Although these ideas are appealing and it seems to be evident that competence-based learning will deliver content more effectively than a one-size-fits-all approach, it is still far from obvious that personalized competence-based learning by means of data mining is ideal. There are numerous pedagogical reservations that have not yet been properly addressed. The social aspect of learning, for example, is compromised when children spend a huge part of their time on individual learning instead of collective teaching. It is not yet known whether being in the same space will provide an equal or sufficient social learning experience, and if it doesn’t, it is unclear how these shortcomings can be compensated. Another objection might be the unavoidable implementation of tablets and laptops in order to collect data from children’s individual learning development. Other projects, such as the Steve-Jobs schools in The Netherlands, implemented iPads in primary schools to let children get used to technology from an early age. The first results of this experiment were not positive. The test results of children were not optimal and the classes were messy, according to teachers. Practical disadvantages are caused by the large scale on which data needs to be gathered and analyzed, which jeopardizes children’s privacy.. Furthermore, the costs of these teaching methods are still exorbitant, making it impossible to implement in many schools.

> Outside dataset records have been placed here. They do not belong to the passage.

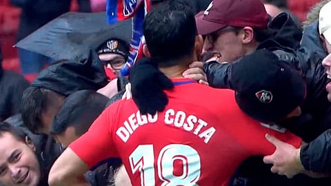 El delantero brasileño nacionalizado español Diego Costa, anotó el segundo y definitivo gol del encuentro, mismo que celebró abrazándose con los aficionados del Atlético, acción que le costó la segunda amarilla y la expulsión.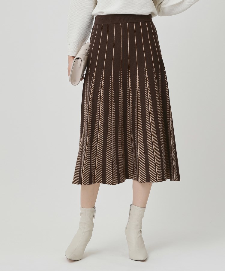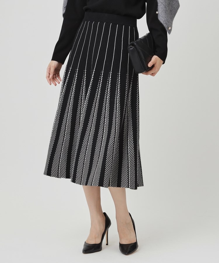 〇デザインポイントシャープな配色ラインが目を引く、印象的なニットフレアースカート。柄の縦ラインを活かしたデザインが、すっきりとした縦長効果を演出します。程よい主張のある柄ながら、全体はシンプルで合わせやすく、コーディネートの幅が広がる一枚。うっすらとプリーツのような凹凸感を編み柄で表現し、動きのある表情豊かな仕上がりに。伸びの良いニット素材で着心地は快適ながら、フレアーシルエットが美しく、きちんと感もキープ。〇素材ポイントアクリルとポリエステルにウールをブレンドした、セミそ毛風素材。ソフトでしっとりとしたタッチです。表面が僅かにふんわりとして、温かみもあります。〇スタイリングポイントお出かけやカジュアルシーンにはもちろん、ブラウスやジャケットを合わせてオフィススタイルにもオススメです。【仕様】・ポケットなし・裏地なし※こちらの商品はやや透け感があるため、インナーの着用をおすすめします。※照明の関係により、実際よりも色味が違って見える場合があります。また、パソコン・スマートフォンなどの環境により、若干製品と画像のカラーが異なる場合もございます。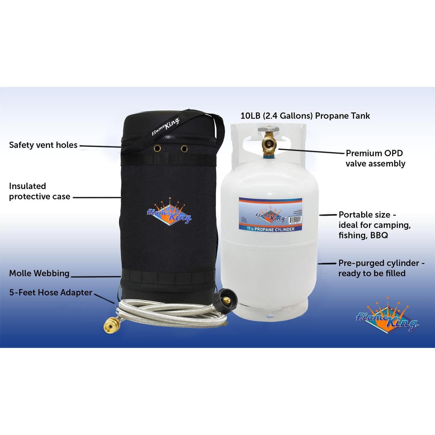 Flame King 10 lb Propane Tank Bundle with Gas Hauler Case & Steel Braided Hose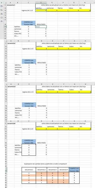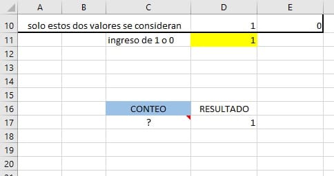 En este caso se considera 1 u 0 pero la idea es la misma contar el mismo valor hasta que salga uno diferente y el conteo empiece de nuevo, la celda D17 varia de acuerdo al ingreso de datos en D11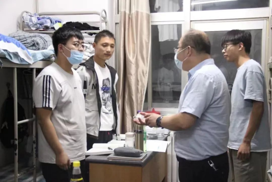 闫龙副校长与新生亲切交流,了解学生思想动态以及学习生活中遇到的困难,叮嘱同学们注意宿舍安全问题,注意身体健康,勉励同学们要珍惜大学四年时光,志存高远、脚踏实地,以积极向上的精神面貌迎接新的挑战,为实现人生理想努力奋斗。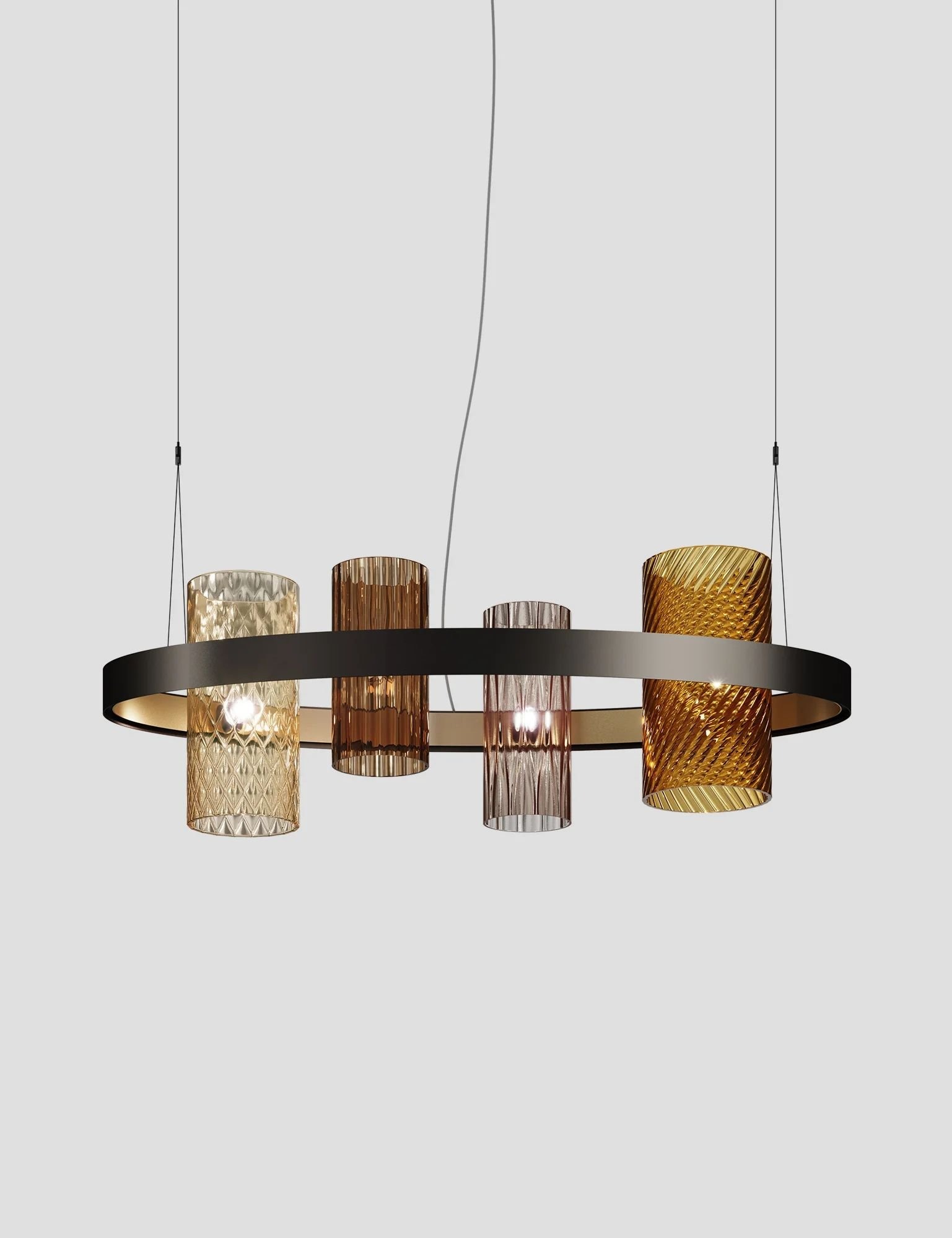 A collection with contemporary connotations that incorporates precious historical features: those of glass working such as the “balloton” and the straight and twisted “rigadin”. The collection is completed by a large new suspension in which the oval frame supports four colored and textured cylinders in pure crystal and four new wall versions.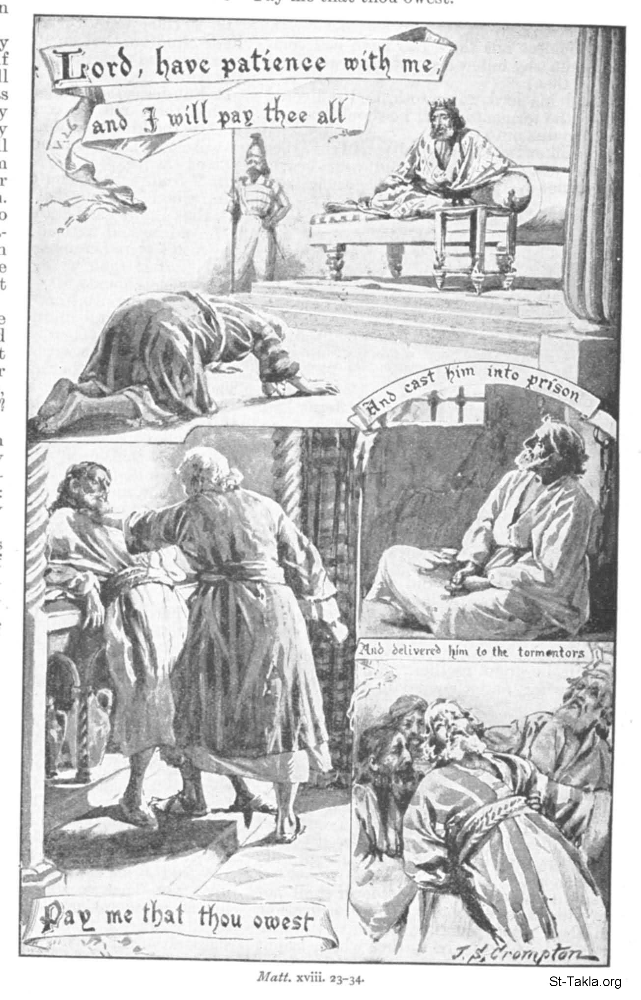 "ولما خرج ذلك العبد وجد واحدا من العبيد رفقائه، كان مديونا له بمئة دينار، فأمسكه وأخذ بعنقه قائلا: أوفني ما لي عليك." (متى 18: 28). - للفنان جيمز شو كرومبتون.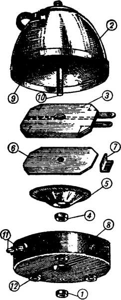 Сначала ко дну 9 чайника прикладывают первую слюдяную пластинку, затем укладывают на нее нагревательный элемент так, чтобы он не касался дна и стенок корпуса чайника. После этого нагревательный элемент покрывают второй слюдяной пластинкой. На эту пластинку накладывают металлическую пластинку 6, под которую подкладывают изоляционную прокладку 7, надежно защищая концы нагревательного элемента от соприкосновения с пластинкой. Затем надевают на болт 10 металлический диск 5 и завинчивают гайку 4, плотно прикрепляя все части ко дну корпуса. После этого концы нагревательного элемента присоединяют к зажимам штифтов 11, причем следят за тем, чтобы они не касались корпуса и металлических частей. Основание с изоляционными подкладками 12 прикрепляют к корпусу, завинчивая гайку 1.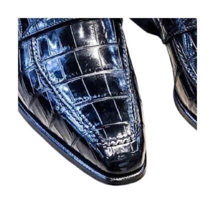 Nilo — Men’s Royal Blue Genuine Crocodile Embossed Leather Wholecut Oxford Lace-Up Formal Dress Shoes with Leather Sole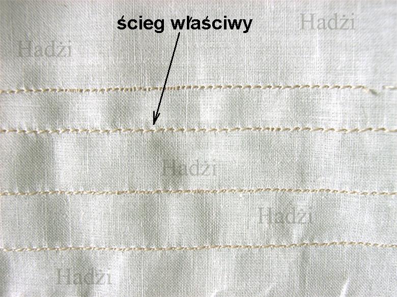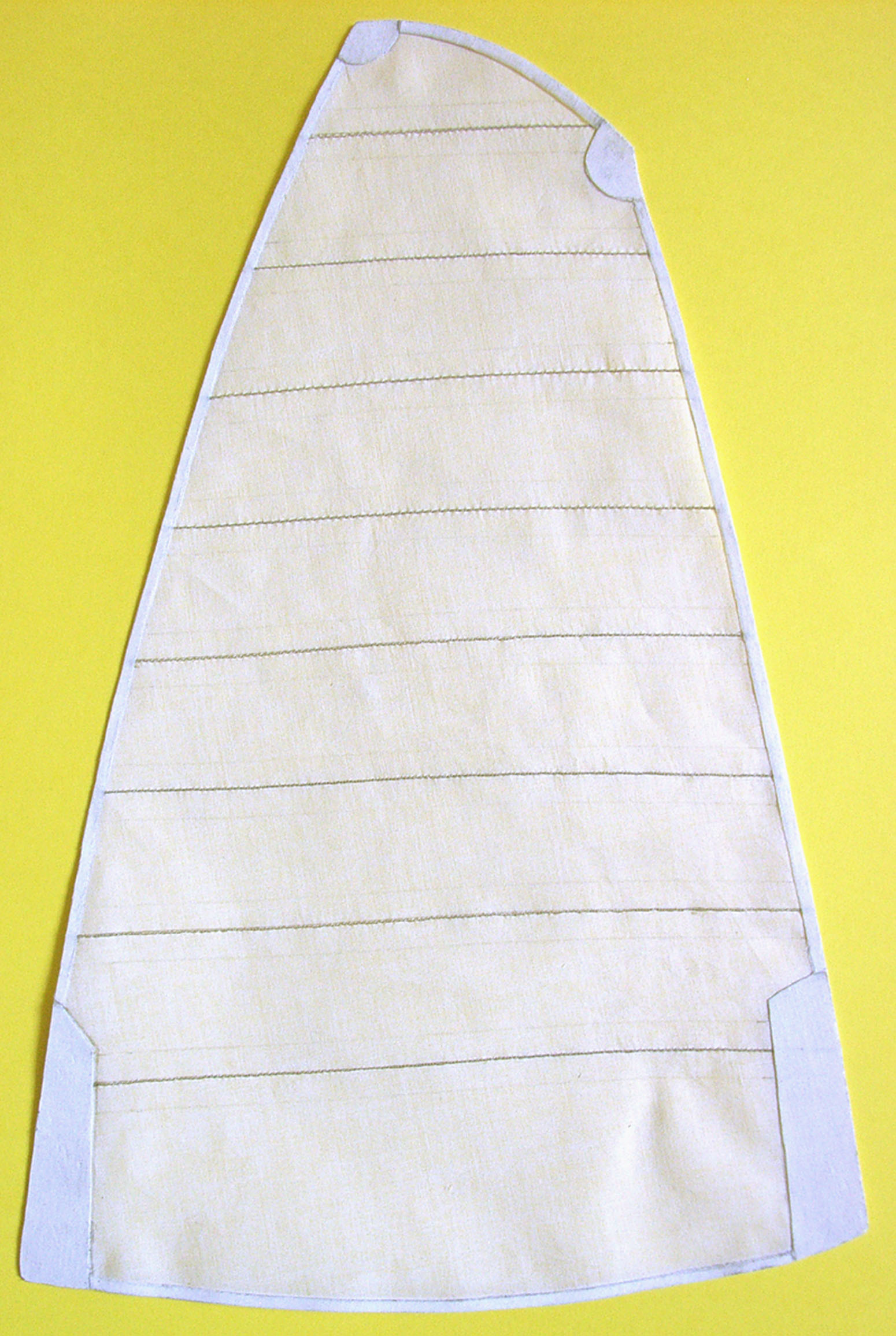 Ja na żagle zakupiłem materiał Batyst w kolorze ecru [ekri] i nie będzie niczym barwiony. Barwienie czysto białego materiału w herbacie jest od dawna znane modelarzom. Batyst jest jednym z najcieńszych materiałów. Cieńszym, a właściwie mniej gęstszym materiałem od Batystu jest Etamina. Do usztywniania materiału stosuję usztywniaczy dostępnych w handlu. Są to usztywniacze odwracalne. Usztywnienie klejowe mam zamiar zastosować w fazie końcowej, podczas kształtowania wybrzuszeń. Rysowanie brytów ołówkiem jest uproszczeniem. Podczas przeszywania materiał się marszczy gdy stopka maszyny wywiera zbyt duży nacisk na transporter. Nie mam problemu z szyciem tylko z utrzymaniem równej linii szycia. W krawiectwie , to nie jest problem, ale modelarstwie tak. U mnie grotżagiel ma usztywnienia wszystkich lików i rogów. Usztywnienia będą miały 2 mm szerokości i będą obustronnie klejone klejem do tkanin.

Since entire generations of young minds are at stake in education, it is likely that the implementation of personalized competence-based learning through technology is still a long way from becoming reality due to pedagogical and practical obstacles. However, because of the huge advantages it can deliver, it is also likely that this development will continue and finds its way into the education of children one way or another.

Implications

  • Although schoolboards and governments will be hesitant to implement data mining technology into the education of their young, caretakers are free to use them for their own children. Because of the tempting possibilities this new teaching method holds, educational tools that offer personalized competence-based learning might therefore first find their way into the private upbringing of children. This might cause similar concerns to those about shadow education, such as inequality among students because many parents cannot afford it and exposure to learning content and methods that have not been thoroughly tested.
  • Data mining technology comes from commercial companies such as Microsoft, Alphabet and Facebook. The initiatives to explore the possibilities of this new educational method are also carried out with the help of such parties. It is unclear how big a part they will play in this development: To what extent do they influence the content of what will be learned if they are in control of analyzing data about children and provide the interface of the teaching materials?